● **Problem statement**:
Would you please set down, word for word, the lines from the one with "uno... ¡acción! ▲ ▲ ▲" through the final line of the data below, omitting any pictures?

● **Data below**:
▬▬▬▬▬▬
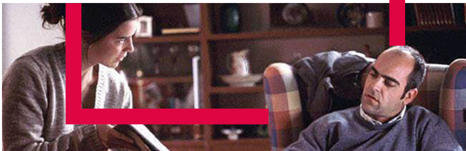
Te doy mis ojos, Icíar Bollaín (2003)

▲ ▲ ▲ Aventura, drama, romance, comedia... innumerables historias han visto como su trama se desarrollaba en Castilla-La Mancha, numerosos directores han hecho realidad sus ideas en esta tierra y cientos de actores han dado vida a personajes de ensueño en parajes idílicos e históricos. Castilla-La Mancha es un escenario natural que merece ser descubierto, filmado y visitado. Tres, dos uno... ¡acción! ▲ ▲ ▲
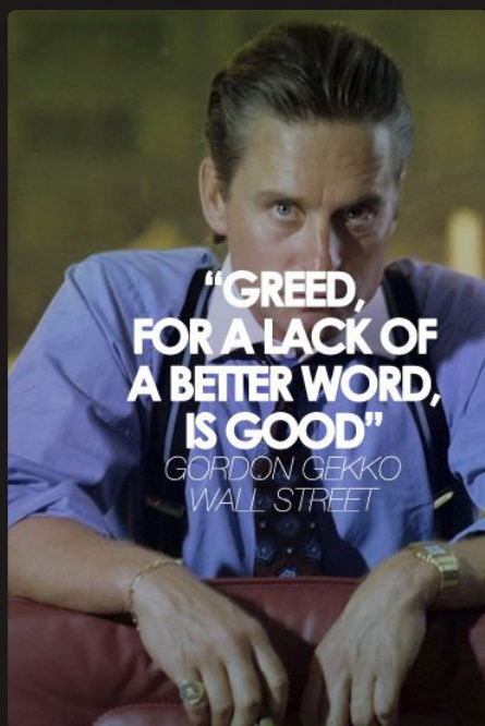
La célèbre réplique de M. Douglas dans le film Wall Street de 1987. Ne vaudrait-il pas mieux dire « L'avidité verte est bonne » ?

Le comité du WEEF n'est pas convaincu de l'utilité de tels « labels verts ». Prenez la certification B Corp : répondez à
▬▬▬▬▬▬
● **Finished task**:
▲ ▲ ▲ Aventura, drama, romance, comedia... innumerables historias han visto como su trama se desarrollaba en Castilla-La Mancha, numerosos directores han hecho realidad sus ideas en esta tierra y cientos de actores han dado vida a personajes de ensueño en parajes idílicos e históricos. Castilla-La Mancha es un escenario natural que merece ser descubierto, filmado y visitado. Tres, dos uno... ¡acción! ▲ ▲ ▲
La célèbre réplique de M. Douglas dans le film Wall Street de 1987. Ne vaudrait-il pas mieux dire « L'avidité verte est bonne » ?

Le comité du WEEF n'est pas convaincu de l'utilité de tels « labels verts ». Prenez la certification B Corp : répondez à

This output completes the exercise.